CWSP is a Chinese word segmentation toolkit. It used MultiPerceptron algorithm to train model and the Viterbi algorithm to do decode work. Implemented by c++.
CWSP-cpp, now, only support UTF-8 file.
Pretreatment will generates feature list and training data for multiPerceptron. AND Pretreatment program only can handle with half-width space.
Segmenter use the model file which generate by MultiPerceptron to do segmenetation work.
It is easy to type make
. And make sure all the source code files exist.
Use command cwsp_seg
to do segmentation work:
NAME
cwsp_seg -- Using existing resource files and given model files to
do segmentation work.
USAGE:
cwsp_seg [-b 0|1] [-dfp file] model corpus output
OPTIONS:
-h Print help infomation
Following command can be used to specify resources files.
-b [0,1] 0: CharType resource file is a text file
1: CharType resource file is a binary file (default)
-d <dict> Specify the dictionary file (default: model\Dict)
-f <feat> Specify the feature file (default: model\Feat)
-p <prob> Specify the probability file (default: model\Prob)
CharType resource files:
.
├── data
│ └── binarySource
All these files are the resources for CharType module, which used to generate features for given character.
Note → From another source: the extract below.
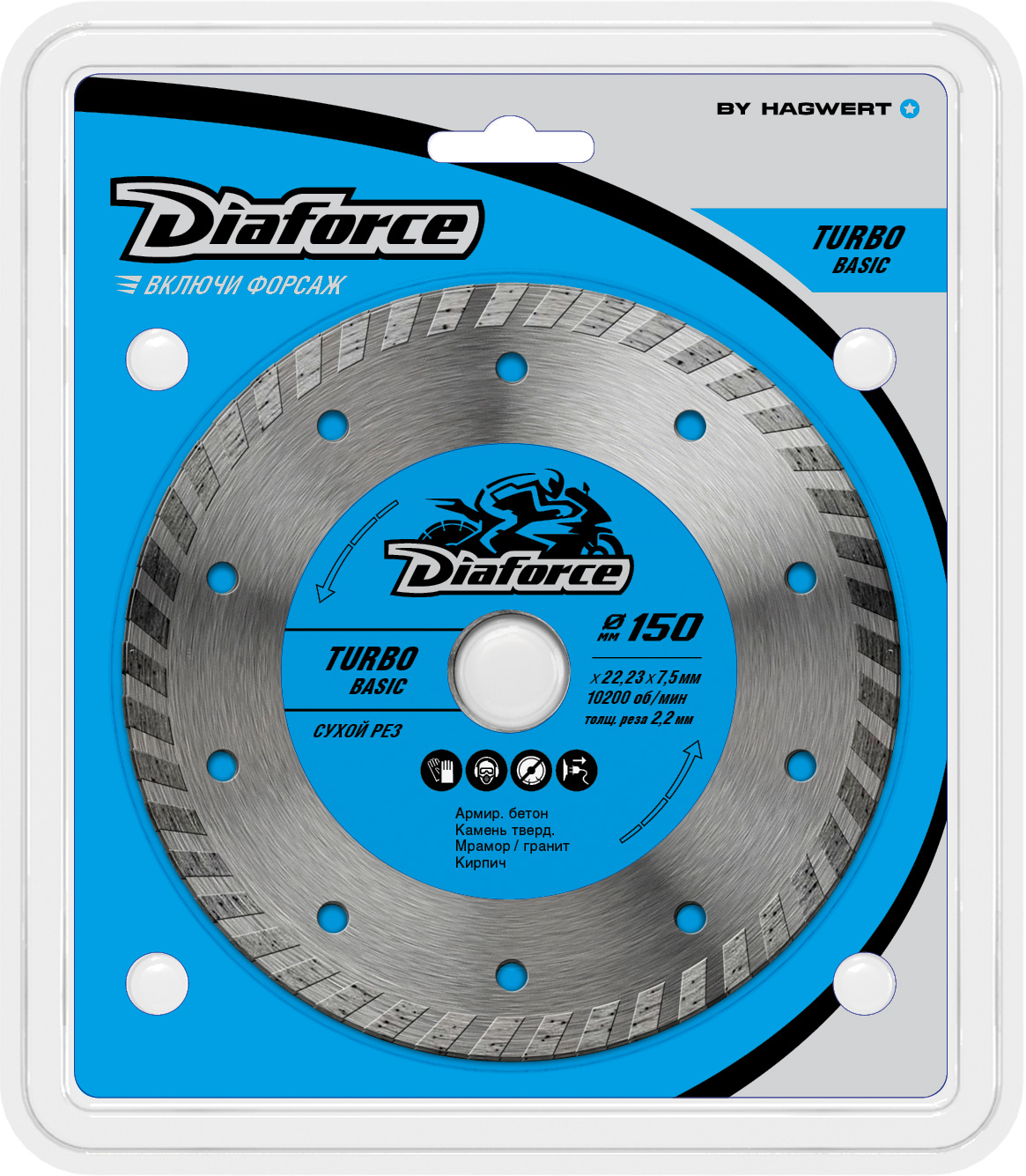 Диск алмазный 150*22,23*2,2мм по железобетону ТУРБО сухой рез арт.511150 TurboBasic Diaforce*1/10/50

Each file includes a certain kind of Chinese characters. For example, "年", "月" and "日" are belong to the "Date" type in Chinese.
And the file "binarySource" is a binary resource file for CharType, it includes all types of character CharType needs.
Dict, Feat, Model and Prob:
.
├── model
│ ├── Dict
│ ├── Feat
| ├── Model
│ └── Prob
Dict stores dictionary informations for CWSP. And it should be given before start training a segmenter.
Feat, Model & Prob are model files generated by CWSP during training processing.
- 2017-08-15 version 1.2.1
- Fix: space character incorrectly identified as split tag between sentence.
- 2017-08-14 version 1.2.0
- Rewrite SegFeat class, make it a full featured automatically increasing Map.
- New representation method for features.
- Deprecated feature functions in Segmentor & Pretreatment
- 2016-10-18 version 1.1.0
- Added an function in StrFun, split a string to a vector of strings.
- Support corpora file format has changed from original line texts to (char, tag) pairs.
- Script under path "scripts/line_convert.py" can used to do the conversion work.
- Corresponding API in Pretreatment and Segmentor have been modified.
- 2016-09-19 version 1.0.4
- Fix a wrong version number print bug.
- Modified the help information.
- 2016-08-22 version 1.0.3
- MultiPerceptron now support both binary and text model file save & load.
- Convert program had been re-writed, it now has some new feature. See more detail on section Usage of this page.
- 2016-08-09 version 1.0.2
- Added 2 scripts of format conversion for corpus file.
- 2016-04-19 version 1.0.1
- Fix a problem, which lead to the training data saved as text file. The training data is only used in memory.
- 2016-04-07 version 1.0.0
- The first version, CWSP the Chinese Word Segmenter based on Multi-class Perceptron algorithm.